Please give back each line of the material unchanged, but without the images.

▶ Given information:
Start of Block
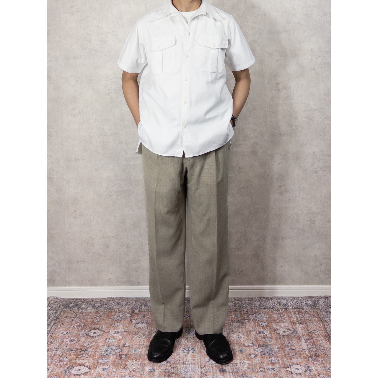 【1940s】"Marine Nationale" French White Cotton Short Sleeved 2 Pockets Officer Shirt
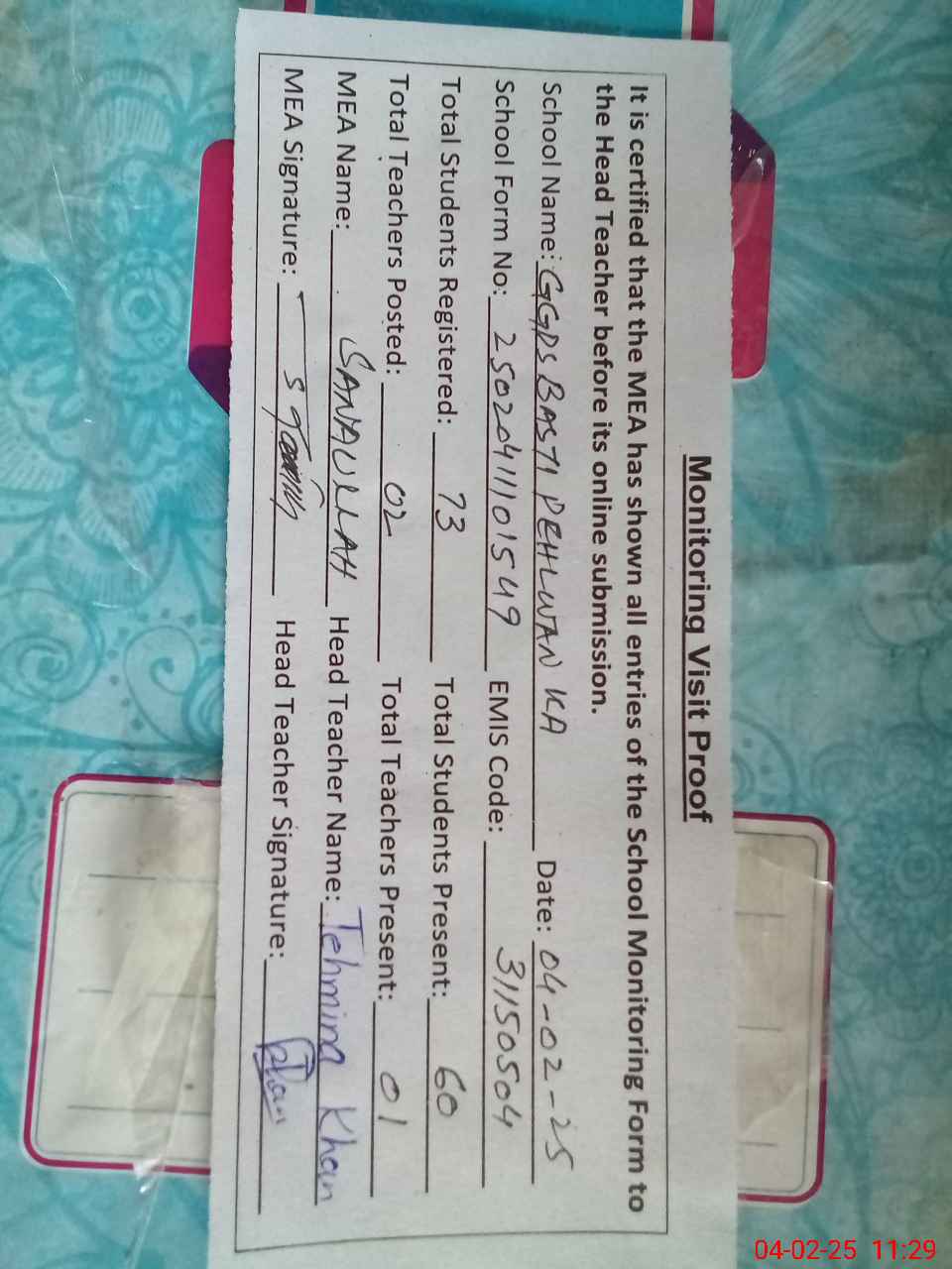 | Attendance Register | Head Teacher | MEA with School | Visit Proof |
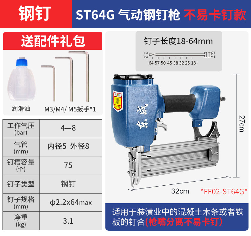 • [스틸 네일건] [무료 장갑] FF03-ST64C 스탠다드 모델
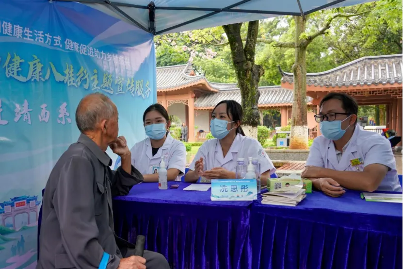 同时,自治区、靖西市的医疗卫生机构专家以及区直卫生健康相关单位在靖西市中山休闲广场、靖西市新靖镇旧州街、开展健康义诊、健康咨询、发放健康素养知识宣传材料等服务,深入新靖镇旧州街5户群众家中进行健康指导,把优质健康服务送到群众身边。
End of Block
▶ Solution:
 【1940s】"Marine Nationale" French White Cotton Short Sleeved 2 Pockets Officer Shirt
 | Attendance Register | Head Teacher | MEA with School | Visit Proof |
 • [스틸 네일건] [무료 장갑] FF03-ST64C 스탠다드 모델
 同时,自治区、靖西市的医疗卫生机构专家以及区直卫生健康相关单位在靖西市中山休闲广场、靖西市新靖镇旧州街、开展健康义诊、健康咨询、发放健康素养知识宣传材料等服务,深入新靖镇旧州街5户群众家中进行健康指导,把优质健康服务送到群众身边。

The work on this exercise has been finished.